In Nigeria, Africa’s largest economy, Nampak’s can-packaging division, Bevcan Nigeria, saw its market share expand and operating profit increase.
But despite this strong performance, Nampak announced it would not pay an interim dividend to shareholders.
Part of the reason is the group is struggling to get its profits out of Nigeria and Angola due to severe foreign-exchange constraints. According to the company it had R1.5bn (over US$96m) in cash tied up in the two markets at the end of March and were unable to convert this into US dollars as a result of foreign currency shortages.
“[Nampak] is earning money in those countries but can’t take it out to either buy raw materials in foreign currency or to pay down some of their debt, etc,” says Mark Hodgson, industrial and corporate governance analyst at Avior Capital Markets.
“So they are much more restricted in how they manage their businesses. It is a lot tighter, and they are not finding things very easy at the moment.”
Since March last year, the Central Bank of Nigeria (CBN) has pegged the local currency at just below 200 naira to the US dollar. However, the collapsed oil prices have decreased export revenue, leading to a scarcity of dollars in the country. In January the CBN halted dollar sales to foreign operators and the naira has since plummeted to 350 to the dollar on the black market.

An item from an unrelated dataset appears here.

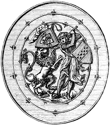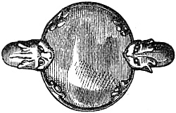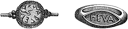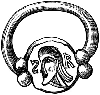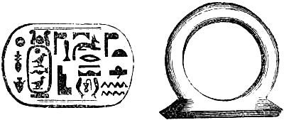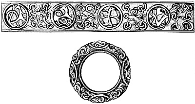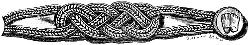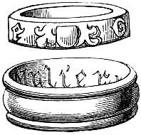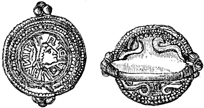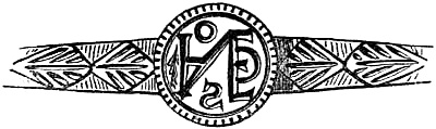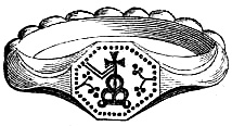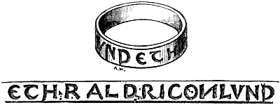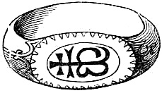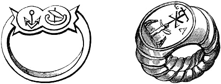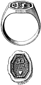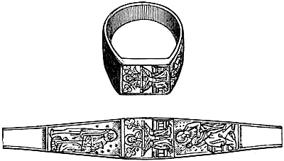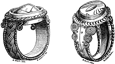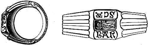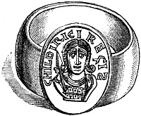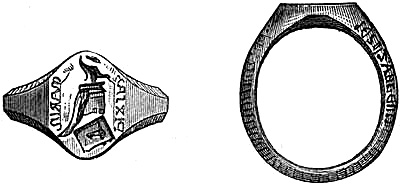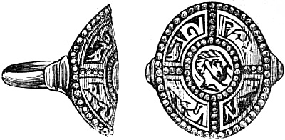 [70] This great founder of the Merovingian dynasty, the father of Clovis, died in 482, and was buried with his treasures, weapons, and robes. Nearly twelve hundred years afterwards, a labourer, a poor deaf and dumb man, accidentally discovered the royal grave, and was astonished, and almost terrified, at the sight of the treasures it contained. Among them was the signet-ring alluded to, which, with a considerable number of the other treasures of the tomb, were deposited in the Bibliothèque, then ‘Royale,’ at Paris, which was broken into by burglars in 183-. An alarm being given, in their hasty flight they threw the objects into the Seine; the ring was not recovered.

According to Nampak’s half-year results, the company was able to access foreign exchange in Nigeria and Angola to pay for 60% of foreign supplier invoices.
“The other 40% they have to fund themselves through dollars that they are actually paying outside of the country. To keep operating they have got to actually have more dollars outside the country,” notes Hodgson.

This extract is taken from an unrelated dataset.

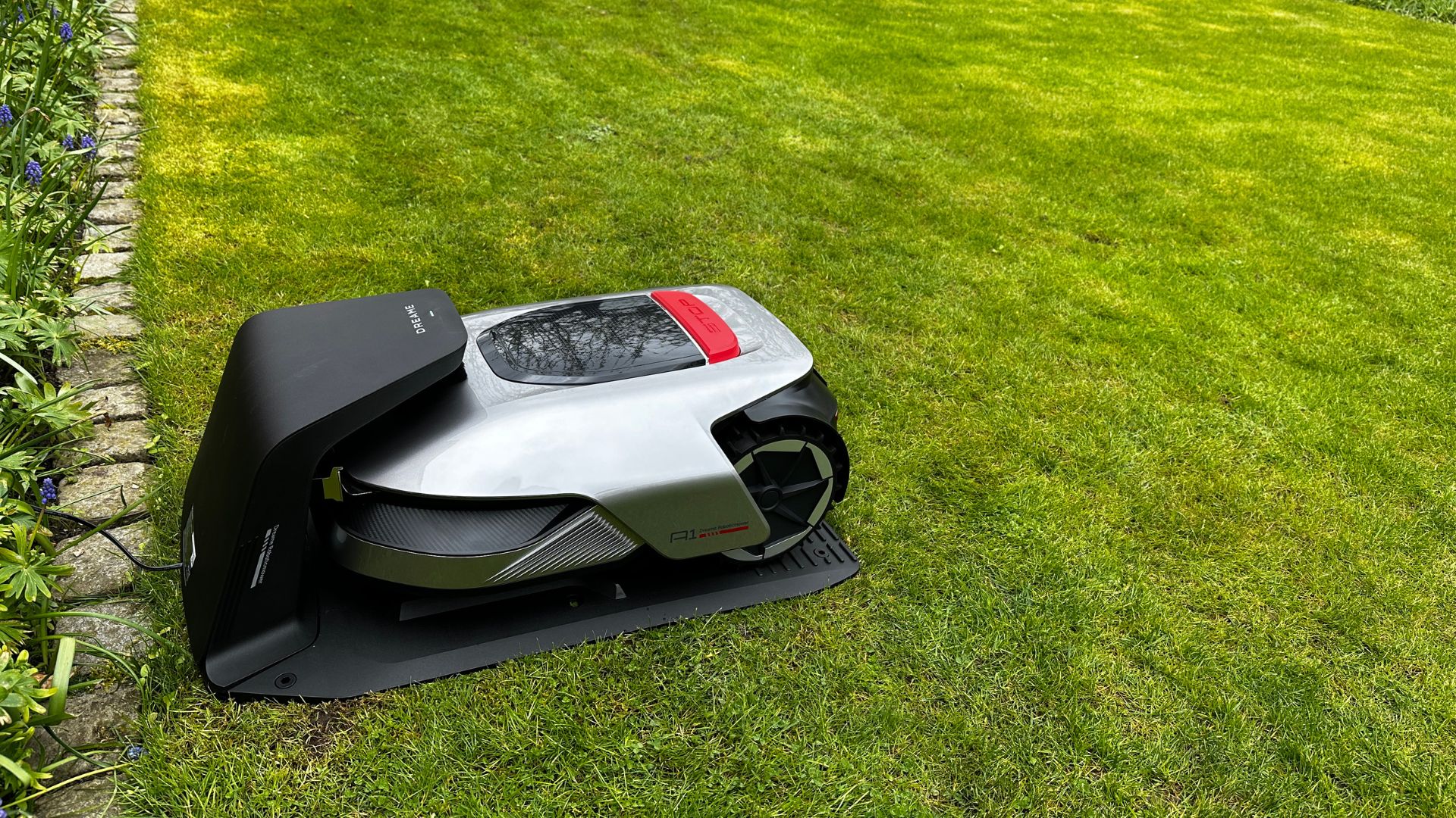 Dreame Roboticmower A1 erottuu muista roboteista metallinharmaalla ilmeellään ja linjakkaalla muotoilullaan. Tämä robottiruohonleikkuri tuo traktorin sijaan mieleen uutuudenkiiltävän sedanin. Ensisilmäyksellä robotti näyttää ehkä vähän kitsaasti varustellulta, mutta kuoren alta löytyy kunnon teknologiaa ja tehoja.

Last week the CBN’s governor Godwin Emefiele hinted that Nigeria would adopt a more flexible foreign-exchange policy. Uncertainty over a devaluation of the naira has negatively impacted investor confidence and Nigeria’s National Bureau of Statistics reported that capital inflows in the first quarter of this year have plummeted to $710.97m – a year-on-year decline of 73.79% and a near 90% drop from its peak in the third quarter of 2014.
Hodgson says it is likely that devaluation could take place soon, although the exchange rate will probably still be controlled.
“It’s unlikely that they will just let [the naira] free fall. They will probably try and management it in the way that will help it create some liquidity, but it will still be artificial.”
He notes that struggles with foreign-exchange constraints do dampen Nigeria’s investment prospects. “Especially if you have raised dollars to invest and put up a plant there, and then you can’t essentially service that debt. It does make it far less attractive.”
While a naira devaluation might create liquidity in the market, companies also risk seeing their current investments in Nigeria devalue. A devaluation of the kwanza by Angola’s central bank in January saw the currency fall the most since September 2001, and cost Nampak R114m ($7.3m) for the half year period.
Concerns over a similar devaluation in Nigeria could further deter investment.
“If you are in a situation where you almost need to bring more money in to invest more, then you are also going to be nervous about [the naira] being at an artificially high rate. You want to have some certainty that you are bringing in money at the right rate and [will be] worried that you are going to take it out at a very weak rate,” continues Hodgson.
“So it creates lots of uncertainty and stress and probably makes things grind to a halt in terms of… less happening inside the country with economic activity and people delaying investments that they were planning to do.”
How we made it in Africa was unable to get a comment from Nampak’s management, despite numerous attempts.